John Richardson delighted in having “drawn Mrs Keck’s fire…since her name stands for the practices my article deplored… ” and in having his own worst fears confirmed by her persistence in “disregarding the Cubists avowed intentions: no varnish in any circumstances.” Rebutting her slur that his contact with Picasso had been “cursory”, he disclosed constant and close contact for over ten years during which he had often heard the artist “inveigh against the iniquities of American restoration at a period when the Kecks were leading the pack”. On her self-disclosed cleaning method, he reflected “I would have thought that, on the evidence of her own words, Mrs Keck might set up shop in a television studio, where her colourful swabs could be shown to scour paint more effectively than ‘the other brand.’ ”

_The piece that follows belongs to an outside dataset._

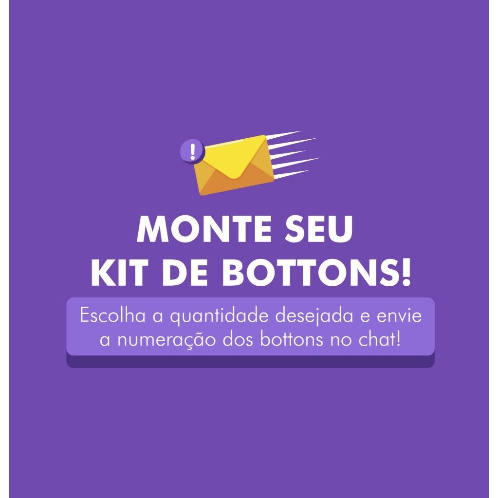Como funciona a compra de kits? 1️⃣ Escolha a quantidade: Unitário, kit com 3, 5 ou 10 bottons. 2️⃣ Misture como preferir: Combine bottons de um mesmo tema ou misture com outros temas (jogos, música, séries, etc.). 3️⃣ Envie a numeração ou prints dos bottons escolhidos no campo de mensagens ou pelo chat após a compra. 📩 Ficou com alguma dúvida ou não encontrou o botton que queria? Chame a gente no chat! 😊 Tags: bottons personalizados, kit bottons, bottons geek, bottons colecionáveis, bottons para mochila, bottons para jaqueta, bottons anime, bottons cultura pop, bottons Billie Eillish, Billie Eillish, Música, bottons Música

That the great Phillips Renoir has suffered from solvent-laden swabs is demonstrable today. Examination of the dark blue drapery of the young woman in the bottom left-hand corner of the picture shows that dissolved red paint from her (now smeared) costume’s trim has been rubbed into the paint cracks like coloured ink on an etched plate. Renoir could not have rubbed dissolved paint into age cracks on his own fresh paint – so who else might have? Nor was it he who smeared the red stripes on the awning. Why, then, will the Phillips permit no-one to view the film of which Sheldon Keck boasted but of which Duncan Phillips himself spoke so remorsefully?